Total sum of squares

from Wikipedia, the free encyclopedia
The sum of the blue squares of the deviation is the total sum of squares.

In the statistics themselves, and particularly in the regression analysis , the entire or total sum of squares ( S umme the Q uadrate the T otalen deviations , short SQT or English sum of squared total Deviations in short SST or total sum of squares , shortly TSS ), also called total deviation square sum , or total deviation square sum and denoted at SAQ y (for S of umme A bweichungs q uadrate the y values ) or SAQ total abbreviated, the square sum of the dependent variables . It is calculated as the sum of the squares of the centered measured values ​​of the dependent variables and can be interpreted as "total variation" or "total variation of the dependent variables ". The total sum of squares is also referred to as the sum of squares to be explained in the context of the decomposition of the sum of squares . There is no international agreement on the exact name and its abbreviations. In German-language literature, the German name is sometimes used with English abbreviations.

definition

The total sum of squares is calculated from the sum of the squares of the total deviations (the deviations of the measured values ​​from their mean value )

,

where stands for the arithmetic mean . The total sum of squares captures the “total variation” in the dependent variable. If you divide the total or total sum of squares by the number of degrees of freedom , you get the total variance or total variance as the empirical variance :

.

The name total variance comes from the fact that the “total variance” can be broken down into the “explained variance” and the “residual variance”.
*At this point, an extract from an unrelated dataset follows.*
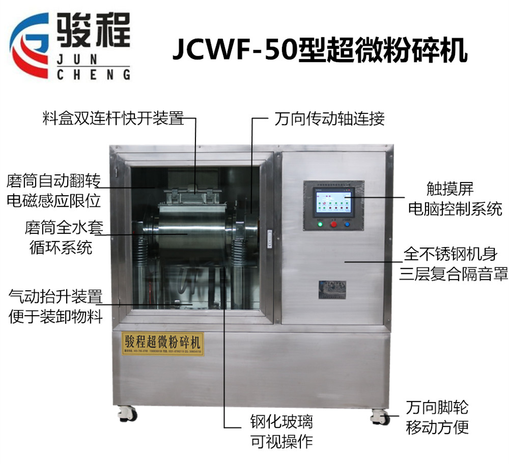濟南駿程JCWF-50型丹參超細粉碎機設備外形設計美觀整潔,嚴格按照產品的技術條款,設計圖紙和有關標準及質量規格進行制造和質量檢驗。符合藥品生產的要求,安全、穩定、可靠,易于清洗、消毒、滅菌,便于生產操作和維修保養。 材質符合食品藥品生產要求,與物料接觸部分均為精加工拋光304不銹鋼材質,材質確保不脫落、不滲透、耐腐蝕、易清潔。 設備內表面及工作零部件表面應進行拋光處理,平整光滑、無死角,易清洗和消毒。設備內外全不銹鋼外觀,采取防塵、防漏、防噪音、隔熱等措施。設備設有 “緊急制動”,操控按鈕具有良好密封,可有效阻止灰塵、水和濕氣進入其中。磨筒制冷循環水套采用全水套設計方式,制冷速度快、效果好。磨筒自動翻轉,自動限位,自動排料,智能化操作。

Decomposition of the total sum of squares

This animation shows the dispersion decomposition, i.e. H. the decomposition of the total sum of squares into the explained sum of squares (the portion of the total spread that can be explained by) and the
residual sum of squares . It can also be seen that the regression line obtained by the least squares estimation runs through the "center of gravity" of the point distribution in the scatter diagram (see also, algebraic properties of the least squares estimator ).
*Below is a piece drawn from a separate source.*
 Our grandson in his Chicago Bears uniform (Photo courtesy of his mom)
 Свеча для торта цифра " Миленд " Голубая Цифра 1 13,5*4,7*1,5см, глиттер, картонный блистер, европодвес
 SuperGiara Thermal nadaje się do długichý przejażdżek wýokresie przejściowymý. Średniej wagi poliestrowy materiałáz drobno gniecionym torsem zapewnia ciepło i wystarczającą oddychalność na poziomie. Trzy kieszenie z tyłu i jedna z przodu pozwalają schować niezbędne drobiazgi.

The sum of squares decomposition , also known as the decomposition of the sum of the squares of deviations , decomposition of the total sum of squares or dispersion decomposition, describes a decomposition of the total sum of squares of deviations. Given a multiple or simple linear regression model with an axis intercept , which is based on the sample and includes observations. The total sum of squares

can then be broken down into the explained sum of squares

and the residual sum of squares

:
,

which is equivalent to

or .

The sum of squares decomposition or the decomposition of scatter means that the “total variation in ” is the sum of the “total variation in ” and the “total variation in ”.

proof

using the property that the residuals are uncorrelated with the predicted values, i.e. H. . This uncorrelatedness of the forecast values ​​with the residuals can be interpreted in such a way that all relevant information of the explanatory variables with regard to the dependent variables is already contained in the forecast. In addition, the property was used that the sum and thus the arithmetic mean of the residuals is zero (if the model contains the intercept) (see statistical properties of least squares estimators ). The sum-of-squares decomposition can be interpreted as "dispersion decomposition".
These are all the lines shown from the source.